Computer Laboratory

Course pages 2012–13

Introduction to Natural Language Processing

Principal lecturers: Prof Ann Copestake, Dr Stephen Clark
Taken by: MPhil ACS, Part III
Code: L100
Hours: 16
Prerequisites: None


This module aims to provide a brief introduction to linguistics for computer scientists and then goes on to cover some of the core tasks in natural language processing (NLP), with the emphasis on statistical techniques suitable for the extraction of meaning from large bodies of text.


  • Linguistics for NLP – morphology, syntax, semantics and pragmatics with illustrated application mostly to English [6 lectures, AAC]
  • Finite-State/Markovian Techniques – lemmatisation, part-of-speech (PoS) tagging, phrase chunking and named entity recognition (NER) [4 lectures, SC]
  • Parsing – grammars, treebanks, representations and evaluation, statistical parse ranking [4 lectures, SC]
  • Interpretation – compositional semantics and entailment, pragmatic inference [2 lectures, AAC]


On completion of this module students should:

  • understand the basic properties of human languages and be familiar with descriptive and theoretical frameworks for handling these properties;
  • understand the design of tools for basic NLP tasks such as tagging and (partial) parsing and be able to apply them to text and evaluate their performance;
  • understand some of the basic principles of the representation of linguistic meaning and interpretative inference;

Practical work

  • Practical Week 6: (6 hours) PoS tag, chunk, and/or perform NER on a designated text with one or more provided tools.

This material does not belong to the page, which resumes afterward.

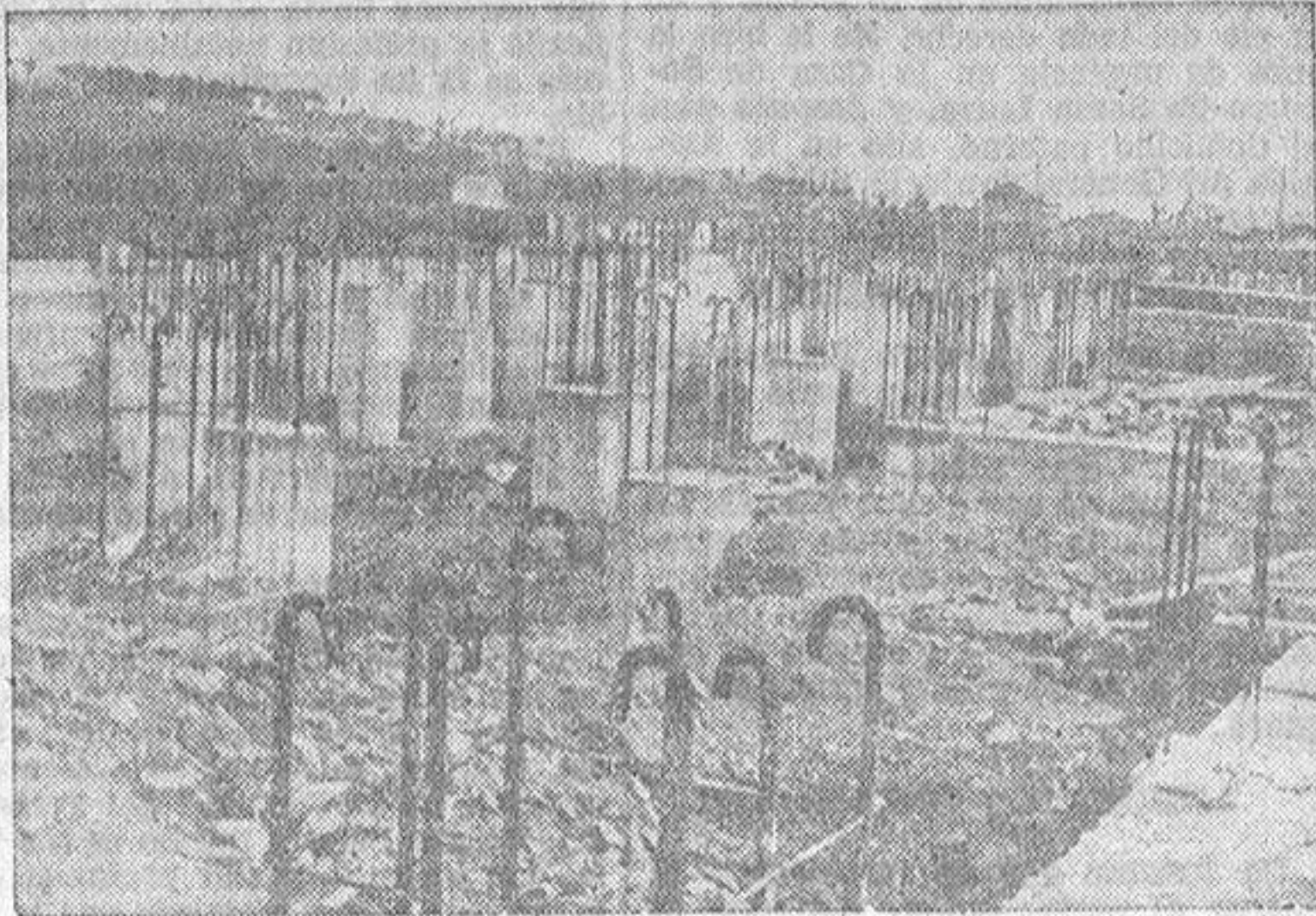
Ciento sesenta mil metros cúbicos de tierra, en una superficie de 18 hectáreas, han sido removidos para la construcción del Matadero Industrial de Lugo

Albairos es un barrio casi rural enclavado en los alrededores de la ciudad. A unos cuatrocientos metros de

Evaluate the performance of the tools quantitatively and qualitatively.
  • Practical Week 8: (6 hours) Parse a designated set of sentences with one or more provided tools, to yield representations of their grammatical relations, phrase structure and/or logical forms. Evaluate the performance of the tools quantitatively and qualitatively.


  • There will be four ticked, short, take-home assignments on linguistic analysis during weeks 1-3. Each assignment is worth 5% of the final mark.
  • An assessed practical report based on the practicals described above. The practical report will consist of a description of the work done of not more than 5000 words. It will contribute 80% of the final mark.

The ticked assignments and practical reports will be set and marked by Professor Copestake and Dr Clark.

Recommended reading

Jurafsky, D. & Martin, J. (2008). Speech and language processing. Prentice-Hall (2nd ed.).


L100 Introduction to Natural Language Processing cannot be taken in conjunction with R02 Network Architectures in 2012-13.